### RECORDED DATA
################
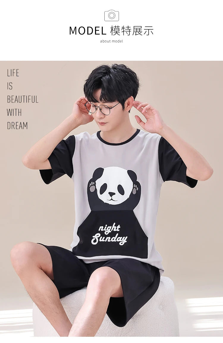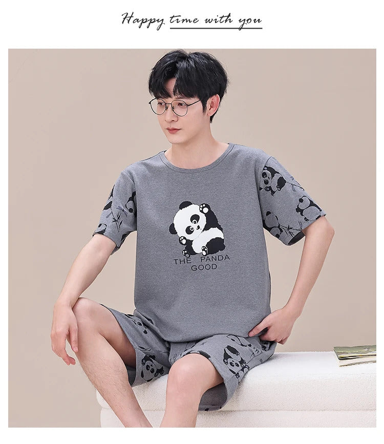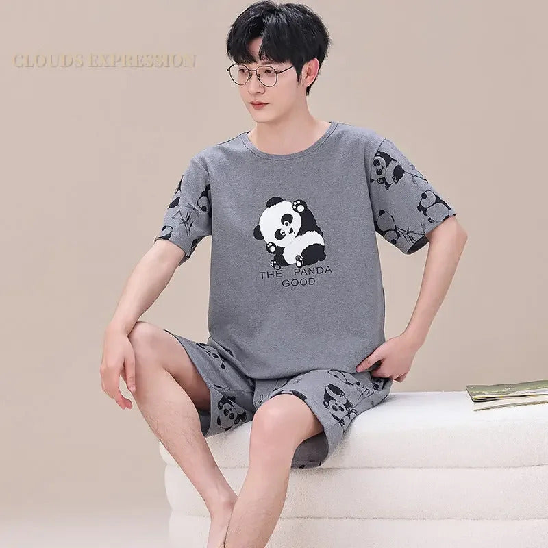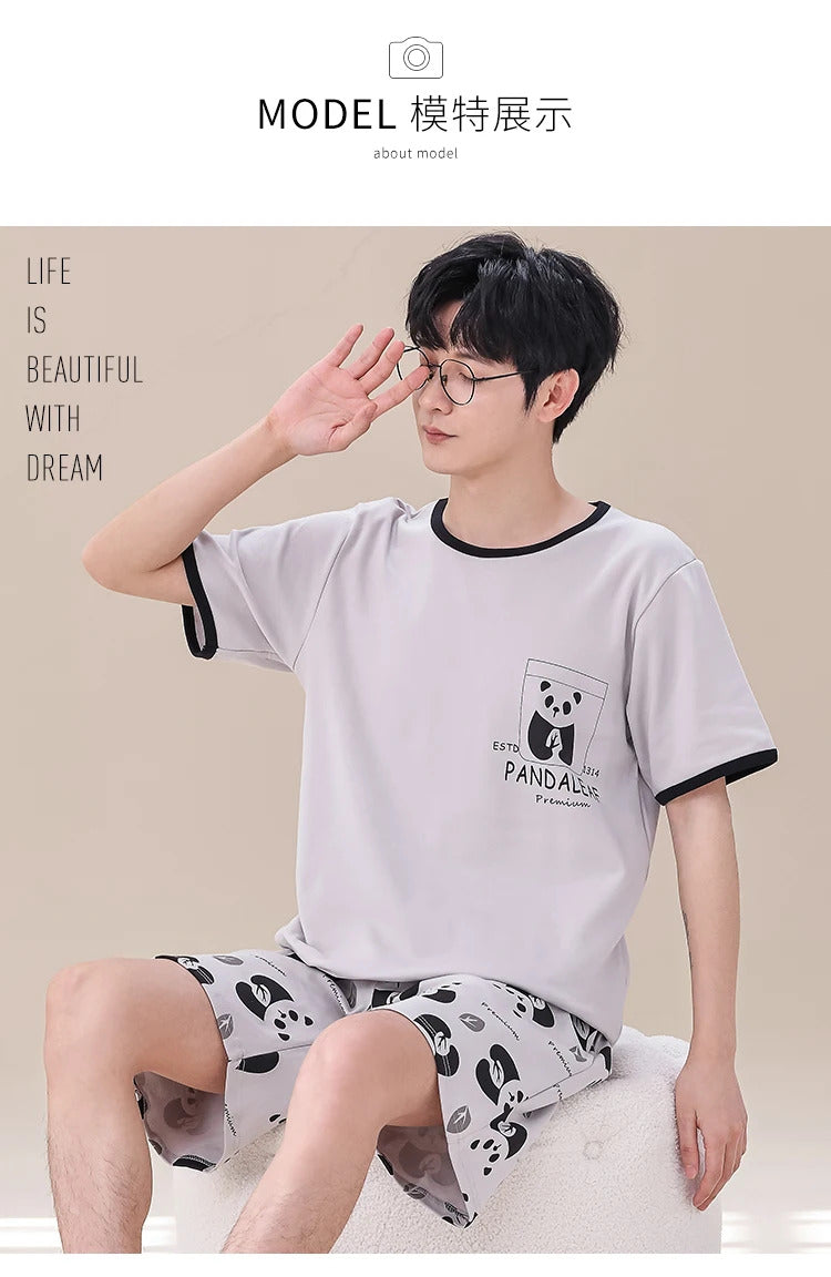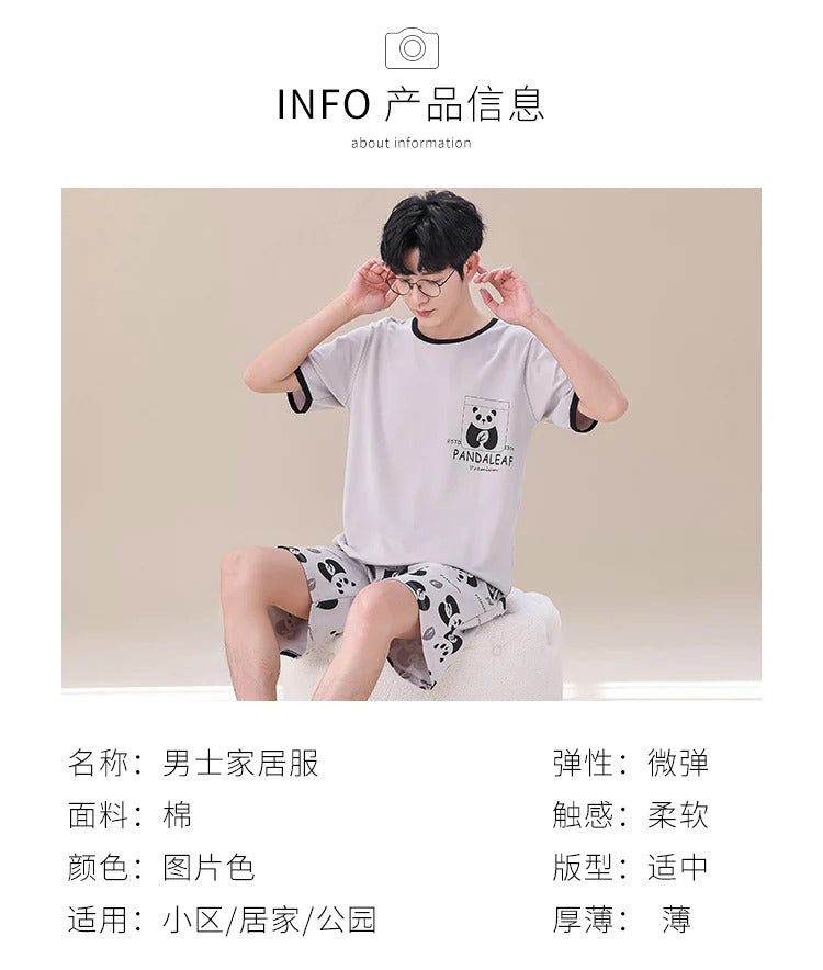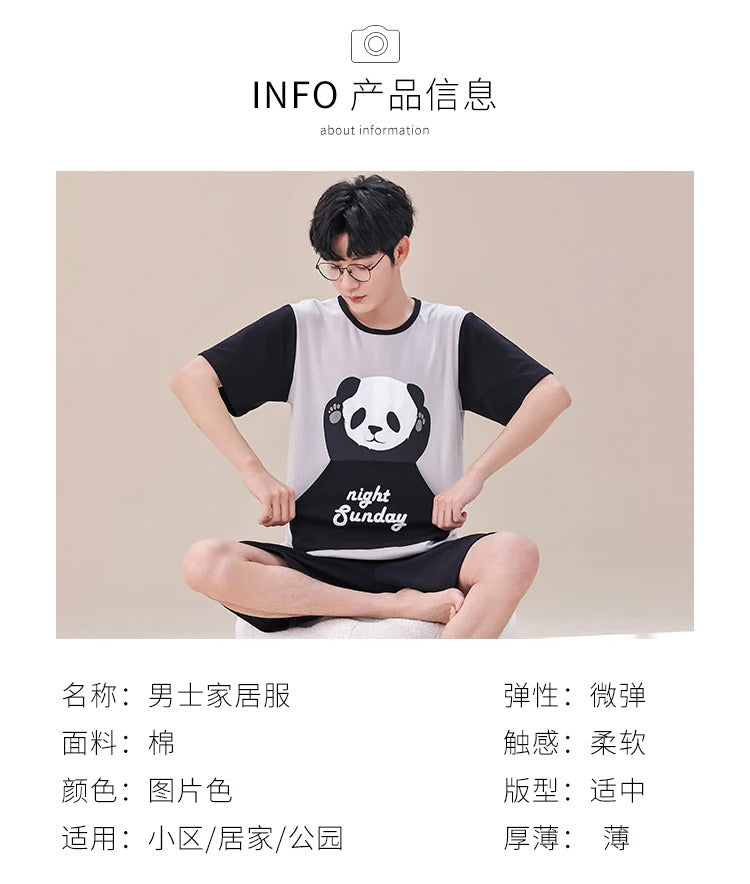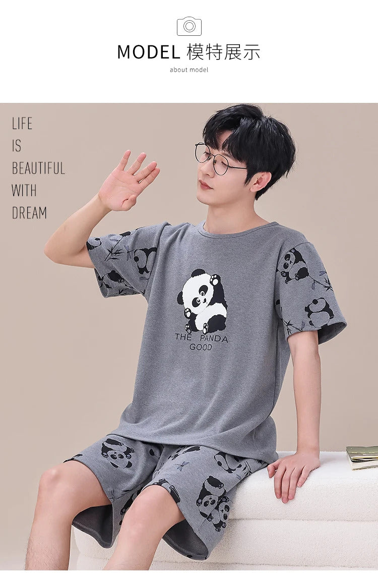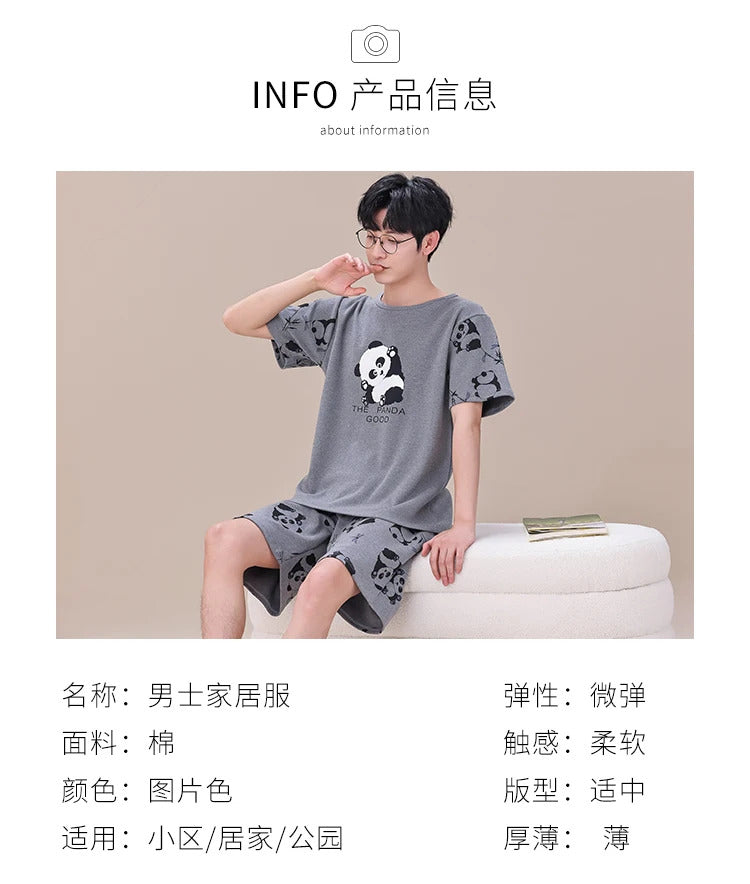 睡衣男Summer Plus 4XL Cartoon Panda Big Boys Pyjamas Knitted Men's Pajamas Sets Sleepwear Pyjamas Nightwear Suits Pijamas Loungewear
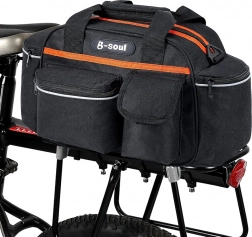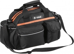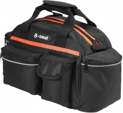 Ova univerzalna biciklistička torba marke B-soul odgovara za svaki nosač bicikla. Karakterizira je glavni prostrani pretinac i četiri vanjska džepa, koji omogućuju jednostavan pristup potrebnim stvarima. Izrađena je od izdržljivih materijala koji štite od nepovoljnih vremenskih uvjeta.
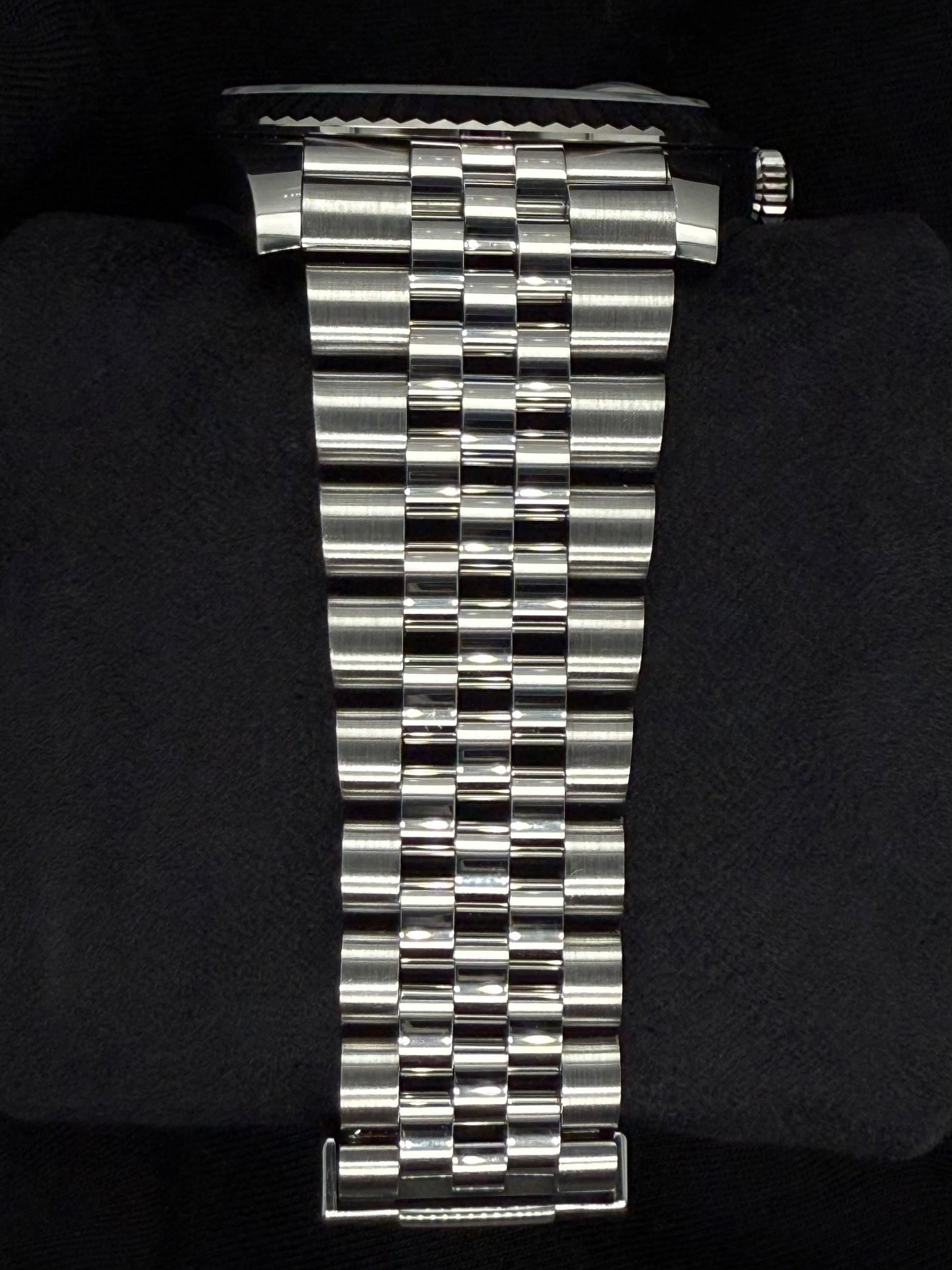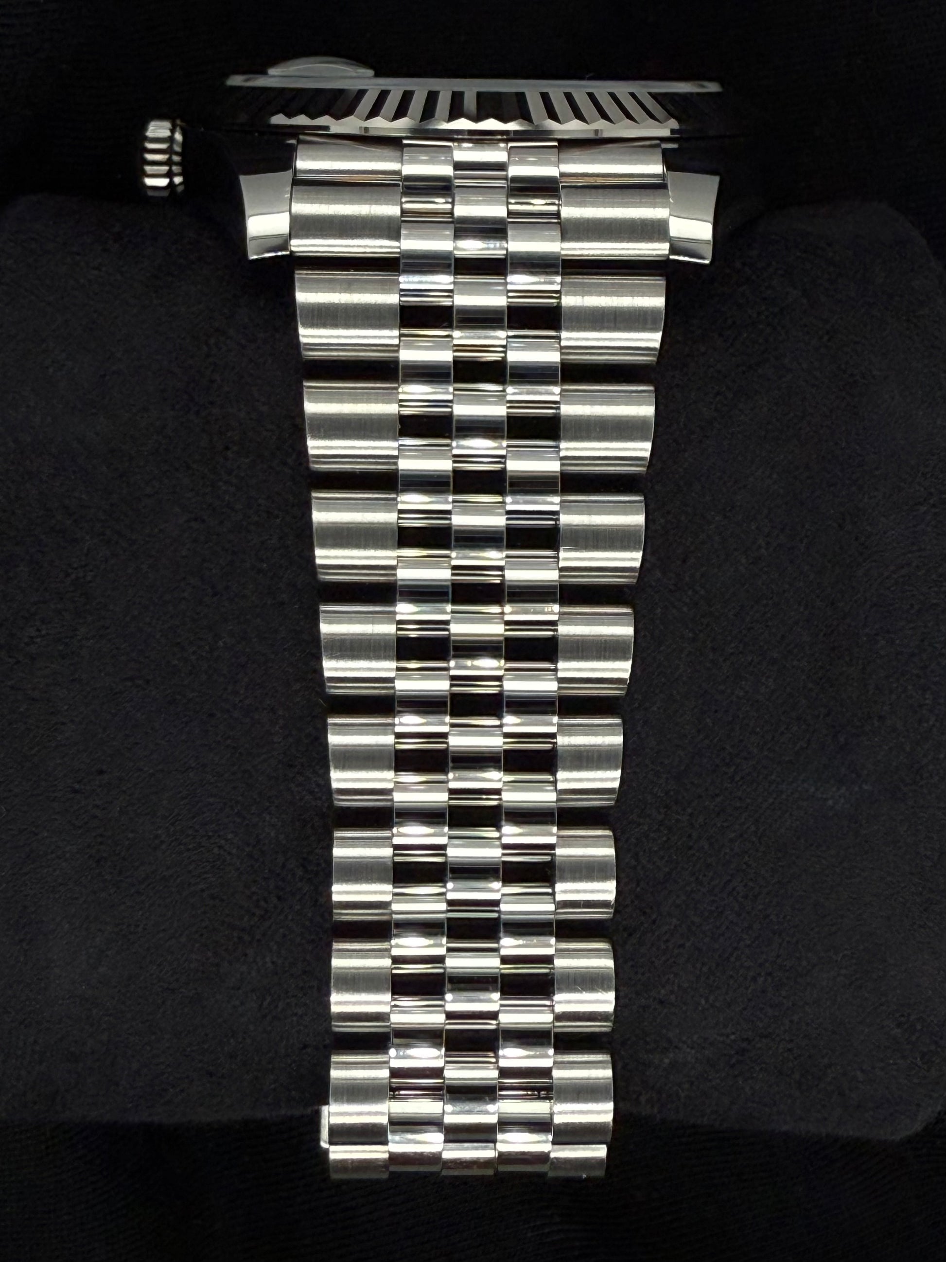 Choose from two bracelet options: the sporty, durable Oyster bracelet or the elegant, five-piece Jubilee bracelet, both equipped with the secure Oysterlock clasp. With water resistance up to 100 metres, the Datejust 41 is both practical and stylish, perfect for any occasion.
################
### TASK STATEMENT
Nothing but the lines from the beginning of the material above through the line containing "Ova univerzalna biciklistička" should appear in the answer, copied exactly and free of pictures.

### YOUR RESPONSE
 睡衣男Summer Plus 4XL Cartoon Panda Big Boys Pyjamas Knitted Men's Pajamas Sets Sleepwear Pyjamas Nightwear Suits Pijamas Loungewear
 Ova univerzalna biciklistička torba marke B-soul odgovara za svaki nosač bicikla. Karakterizira je glavni prostrani pretinac i četiri vanjska džepa, koji omogućuju jednostavan pristup potrebnim stvarima. Izrađena je od izdržljivih materijala koji štite od nepovoljnih vremenskih uvjeta.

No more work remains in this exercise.